2. Or would cycloset help get the job done faster?
@Kami 1. maybe
2. maybe…….discuss it with your doctor.
“Think of food as hormone information, not as a metabolic fuel. Think of the Epi-paleo template as human jet fuel for the human nervous system.”
That quote just keeps reverberating in my mind ever since the first time I heard it in BG 5. Every time I eat, every time I shop for food, every time I work in my garden it comes into my mind. It makes some choices very simple. It wiped out a whole lot of AN infected thinking at once. It really changed my world somehow. A new purpose to the thing I feared the most for a very long time.
“Consider eating real organic foods with dirt upon them…….way better choice.”
As a general rule, most vegetables, organic or not, have already been washed at the farm right after harvesting. All vegetables are dunked in ice cold water at the least to remove the “field heat” which would cause them to wilt before they’d ever reach the consumer. Sturdier vegetables (like roots) are washed with a pressurized water stream. Customers don’t like dirt in their vegetables, so this is something that is paid attention to before the veggie goes to the farm stand or store.
I’d say that the washing at home makes little difference unless, of course, one goes overboard with veggie washes, soap, or, (to my horror) bleach. You’d probably have to grow your own if you really want to get the dirty goodness from your veggies. We used to joke about our consumption of dirt while harvesting (and tasting along… gotta taste what you sell)…. must be something good in all that dirt!

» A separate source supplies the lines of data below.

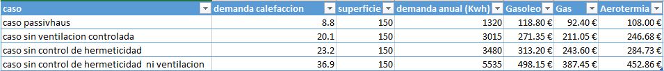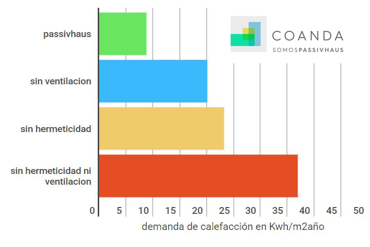 Resulta significativo, que en una vivienda con unos niveles de aislamiento muy altos el hecho de no tener en cuenta la ventilación y la hermeticidad, que es lo que habitualmente se hace en la mayoría de las viviendas, aumenta la demanda de calefacción en un 319% con respecto a passivhaus, con el mismo diseño y aislamientos.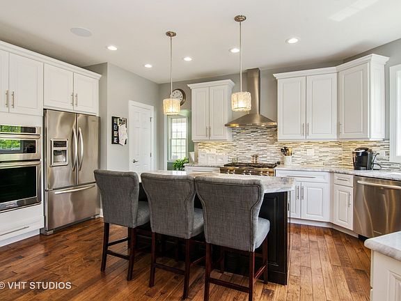 Absolute Perfection in every corner from the Hardiplank and Brick exterior and Architectural Shingles to the no maintenance deck and brick patio to the Hickory Hardwood, marble kitchen counter tops, stainless steel gourmet kitchen appliances and beautiful painted millwork to the wonderful covered side patio overlooking the POND. Two story family room with wonderful natural light. You won't believe the Master Bedroom closet! These owners have laundry in basement but Mud Room on main floor has hookup for washer and dryer, it can be changed before closing. You name it - this home has it including the finished basement with 4th full bath. A M A Z I N G!!! Bring your fussiest buyers, this is perfect! Gorgeous condition, gorgeous detail, gorgeous amenities! The light fixtures in Br#3 and Study do not stay. Much of the furniture can be purchased. The pond is to the left of the house but is not part of this property. **PLEASE NOTE: Tax Bill does NOT include HOMEOWNERS EXEMPTIO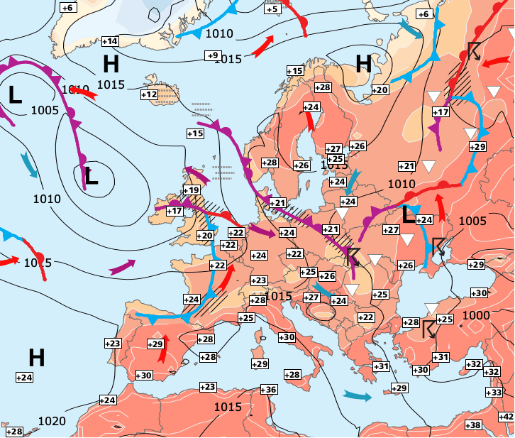 + La météo ne redeviendra durablement stable et estivale lorsque le centre de l'anticyclone des Açores s'étendra vers Allemagne, c'est-à-dire pas avant la 2eme quinzaine de juillet.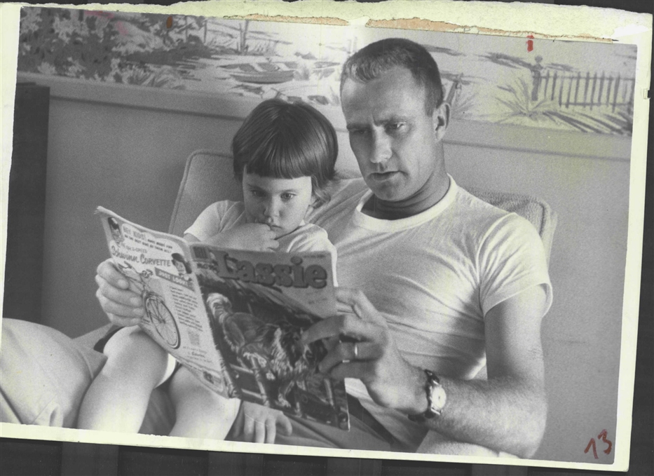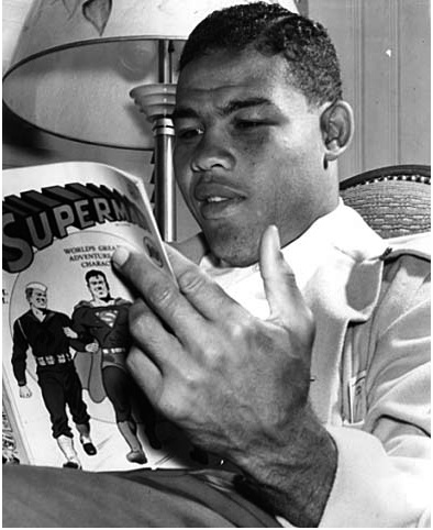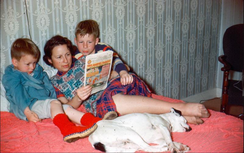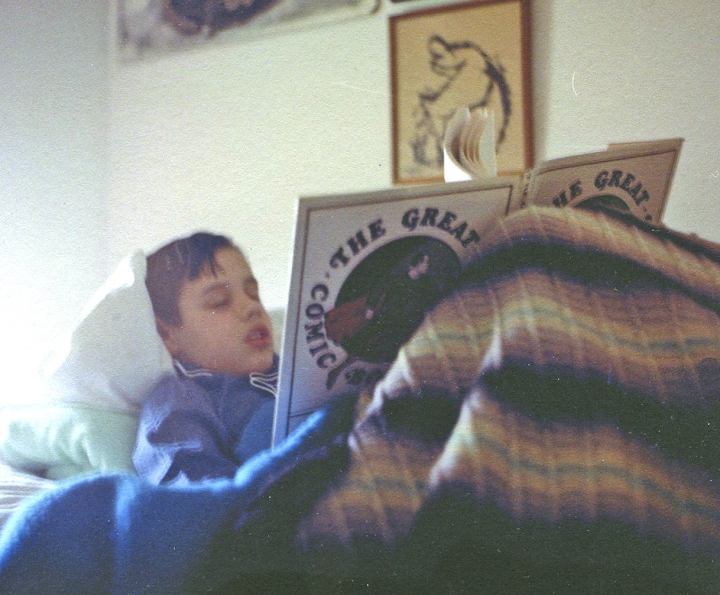 This vintage photo includes a boy reading MARVEL COMICS #1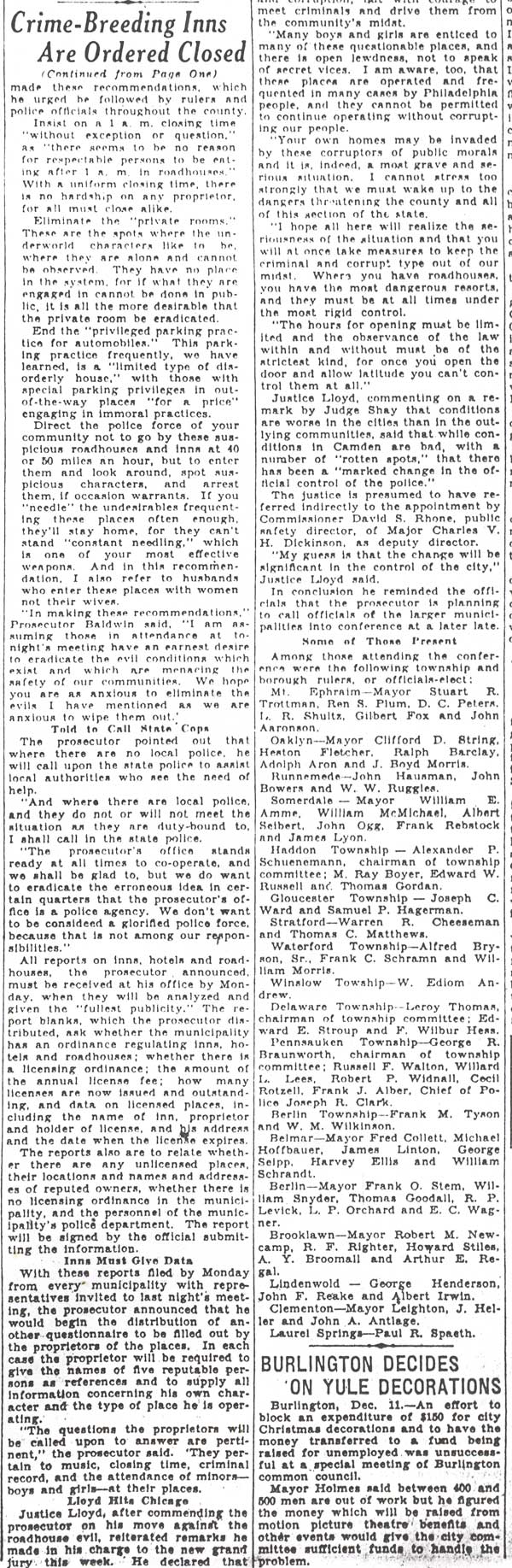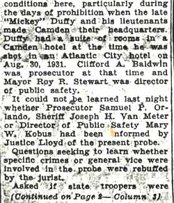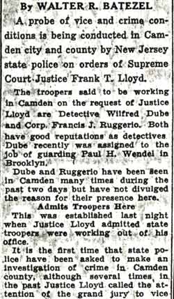 When the faithful and loyal threw that birthday party to Harold Hoffman in New York the other night, Paul Wendel happened to be in the same hotel...They didn't meet...The "numbers raid" in Merchantville is another attribute to Chief Bill Linderman and his on-the-toes police department.. The irony of it, however, can't pass notice...The pinch was made within a few blocks of Justice Lloyd, who before his recent retirement caustically criticized numbers and other gambling racket elsewhere... |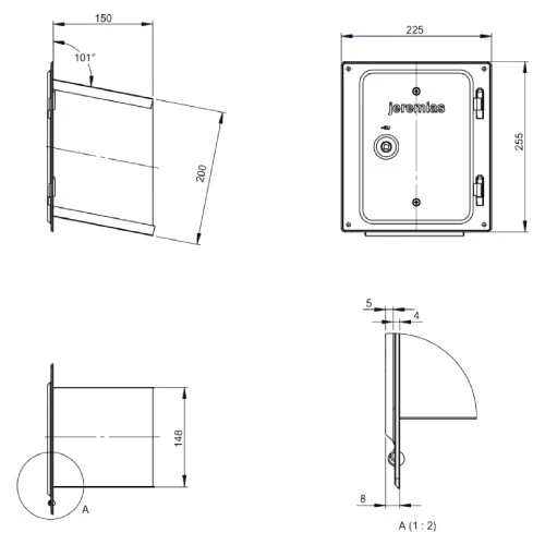 1x Edelstahlkamintüre 210 x 140 mm mit Schiebestutzen 150 mm schräg, inkl. Kamintürenschlüssel, passend für FU07K für System EW-FU von Jeremias

@Souldanzer……not if you buy them at the Farm or grow them your self! Thanks for the nice words about BG 5. That is a vital cog in the Quilt.
Mind-blowing theory of GD.
So what are the implications for pregnancy termination? I know earlier studies showed that induced abortion increased breast cancer risk in ways that pregnancy continued to birth did not, seemingly because pregnancy caused changes in breast tissue that made it more susceptible to cancer, but that birth reversed those changes and took them even further, so that after birth you were less likely to have breast cancer than before conception. (Strangely, the increased risk did not apply to spontaneous abortion, probably b/c such an event was the result of processes leading toward it, and not an abrupt change that the body wasn’t prepared for.)
I have to ask if there are similar implications in the changes in gut flora, or if perhaps the changes in gut flora and changes in breast tissue might be so interrelated that they are actually the same thing going on?
@MamaGork the research is so new and fresh a clear picture is not present……but what it is leading to is us asking better questions. That is precisely what I am doing.